**DATA TO USE:**
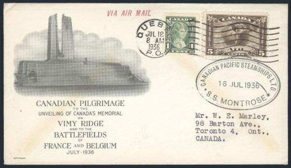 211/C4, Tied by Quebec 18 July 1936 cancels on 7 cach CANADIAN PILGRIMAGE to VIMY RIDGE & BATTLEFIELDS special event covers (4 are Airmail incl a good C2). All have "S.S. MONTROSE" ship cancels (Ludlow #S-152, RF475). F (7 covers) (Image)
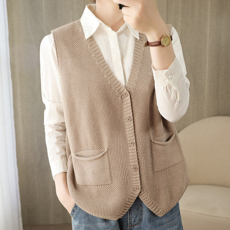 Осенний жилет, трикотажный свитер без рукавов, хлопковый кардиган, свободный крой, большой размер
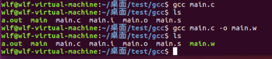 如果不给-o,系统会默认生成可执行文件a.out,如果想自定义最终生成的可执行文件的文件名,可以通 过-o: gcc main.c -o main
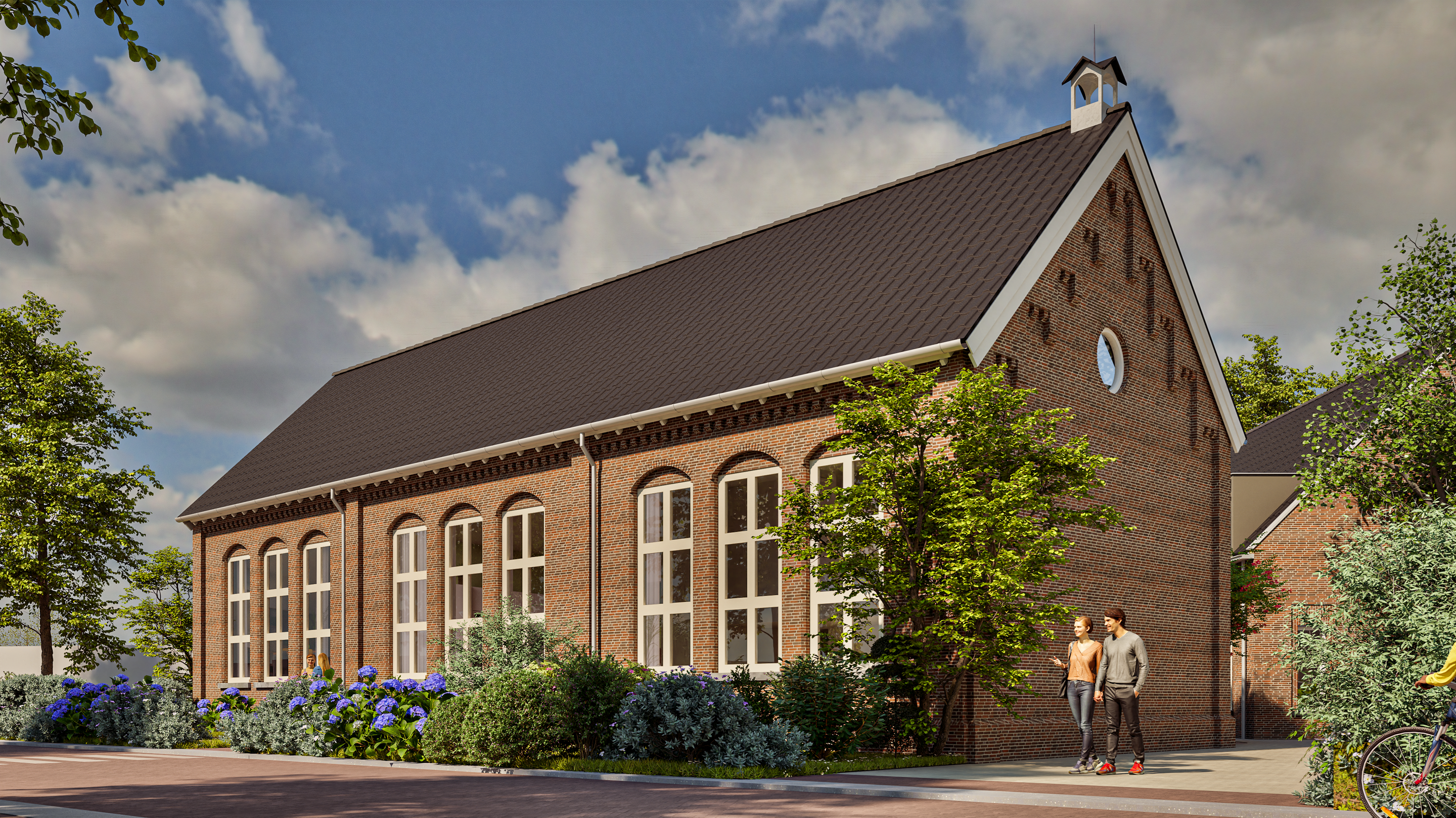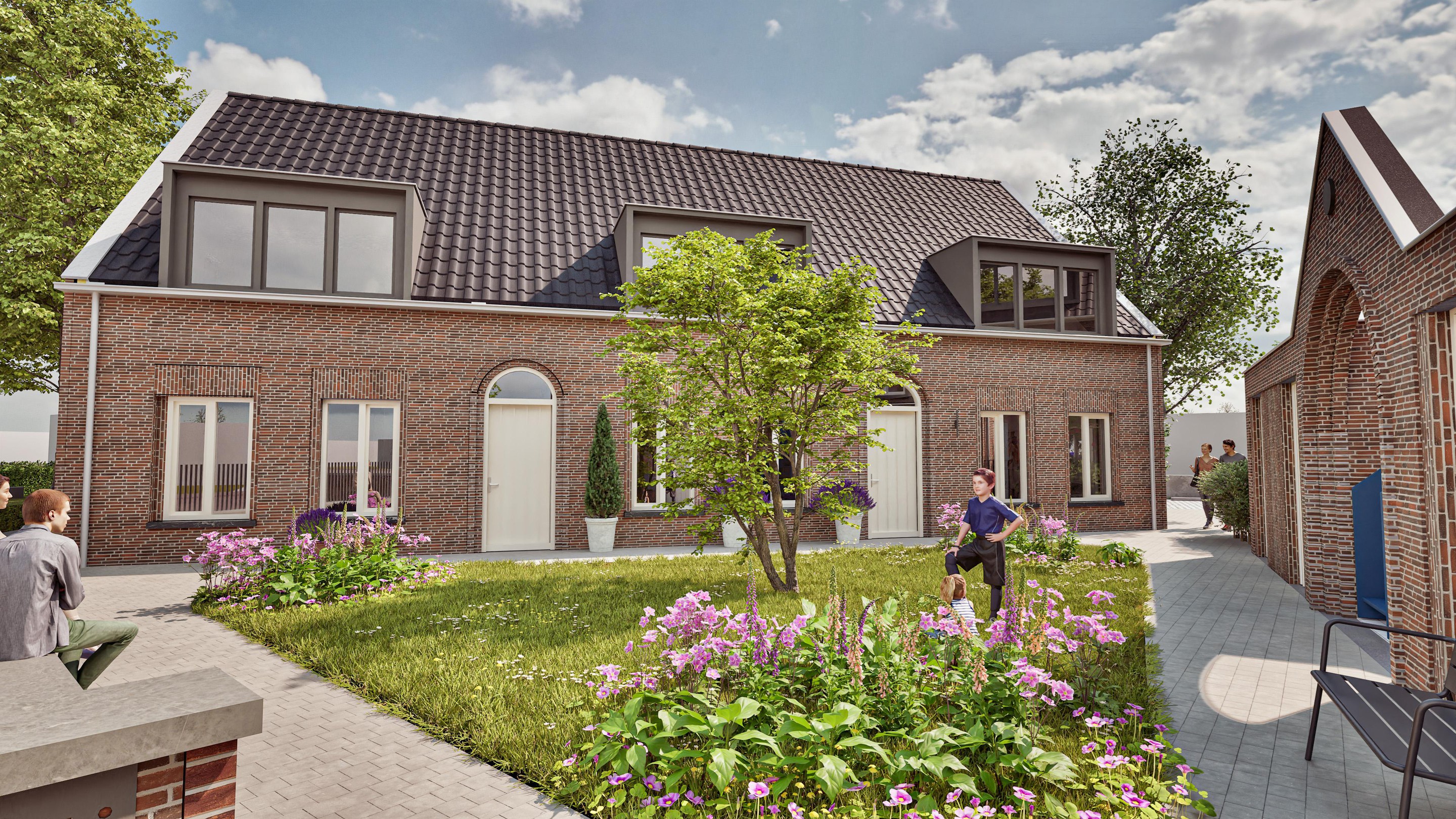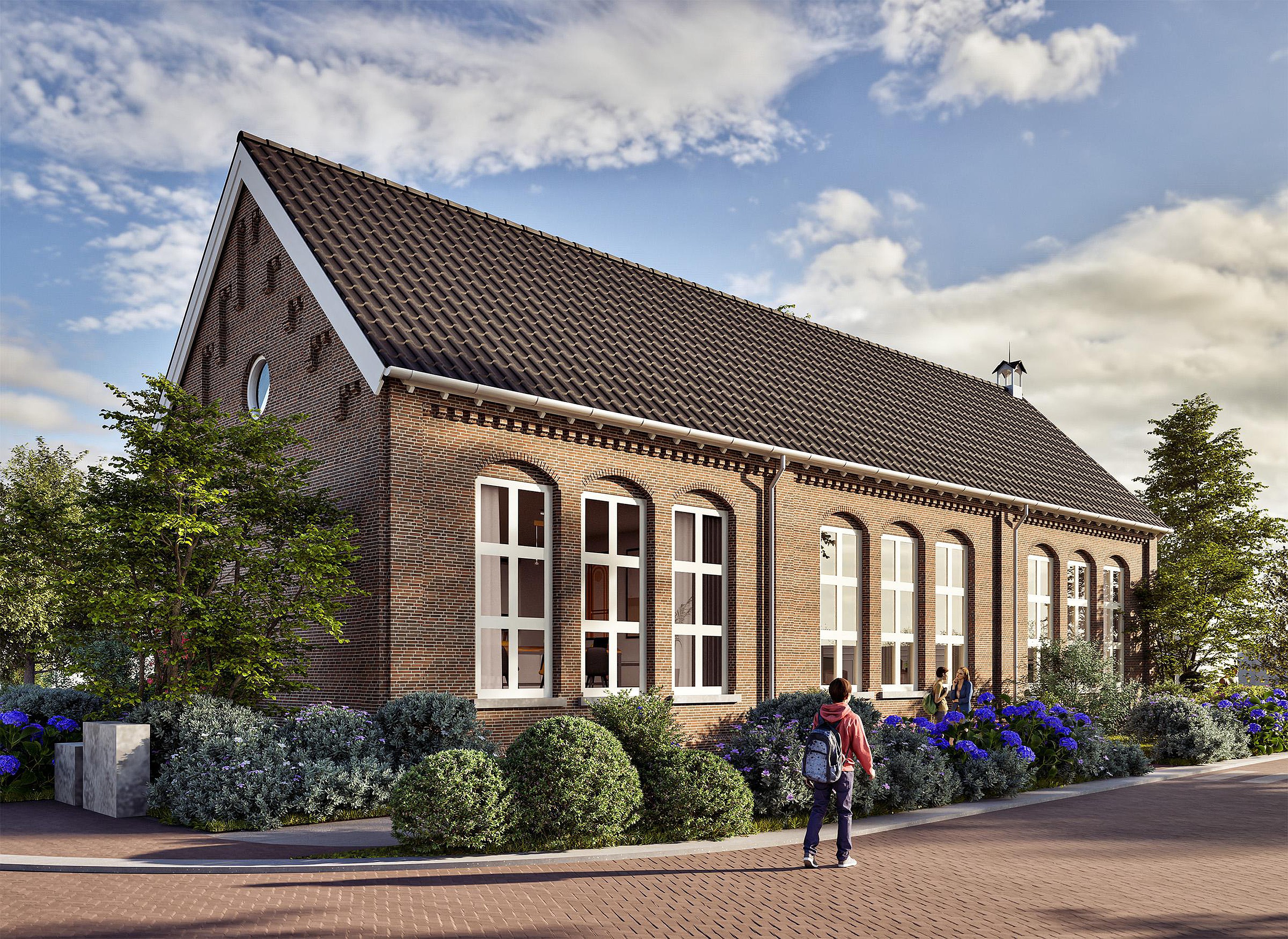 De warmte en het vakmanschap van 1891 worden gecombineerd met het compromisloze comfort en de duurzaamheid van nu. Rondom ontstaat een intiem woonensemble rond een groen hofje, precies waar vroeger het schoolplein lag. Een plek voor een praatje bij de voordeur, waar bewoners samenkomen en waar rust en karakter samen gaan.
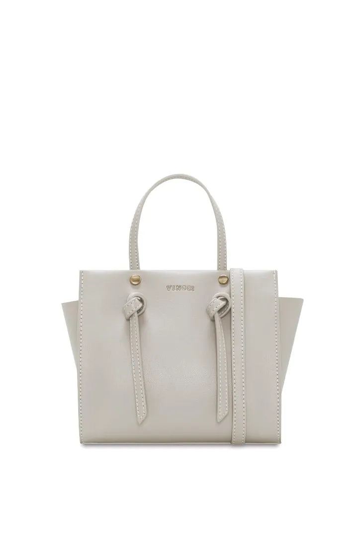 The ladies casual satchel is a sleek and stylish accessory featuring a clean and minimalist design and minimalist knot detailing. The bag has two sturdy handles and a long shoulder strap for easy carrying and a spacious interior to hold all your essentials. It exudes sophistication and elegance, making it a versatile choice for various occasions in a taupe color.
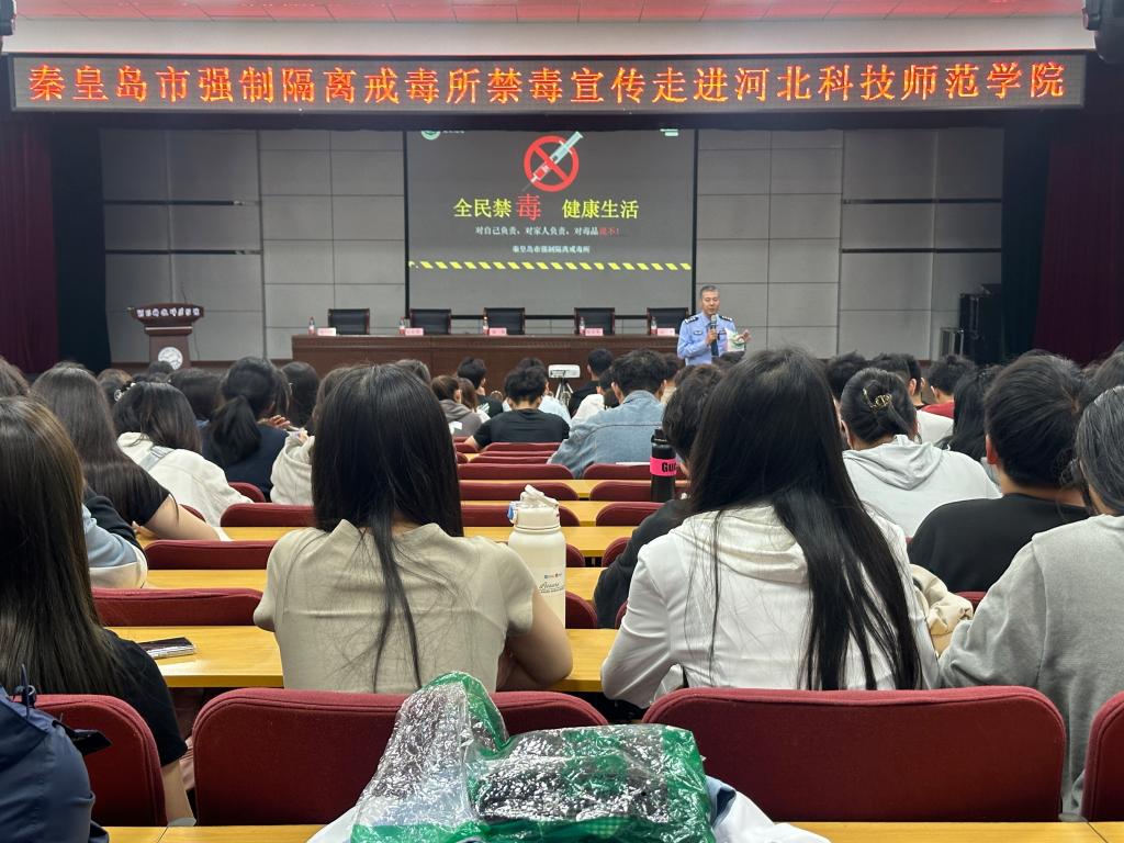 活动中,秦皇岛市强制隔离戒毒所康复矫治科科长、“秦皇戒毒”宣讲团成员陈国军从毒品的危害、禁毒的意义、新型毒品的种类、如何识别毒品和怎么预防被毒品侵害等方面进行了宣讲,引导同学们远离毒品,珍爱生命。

**ASSIGNMENT:** Write out, with no pictures, only the lines from the line containing "The ladies casual" through the last line of the listing above, exactly and with both ends included.

**OUTPUT OF THE TASK:**
 The ladies casual satchel is a sleek and stylish accessory featuring a clean and minimalist design and minimalist knot detailing. The bag has two sturdy handles and a long shoulder strap for easy carrying and a spacious interior to hold all your essentials. It exudes sophistication and elegance, making it a versatile choice for various occasions in a taupe color.
 活动中,秦皇岛市强制隔离戒毒所康复矫治科科长、“秦皇戒毒”宣讲团成员陈国军从毒品的危害、禁毒的意义、新型毒品的种类、如何识别毒品和怎么预防被毒品侵害等方面进行了宣讲,引导同学们远离毒品,珍爱生命。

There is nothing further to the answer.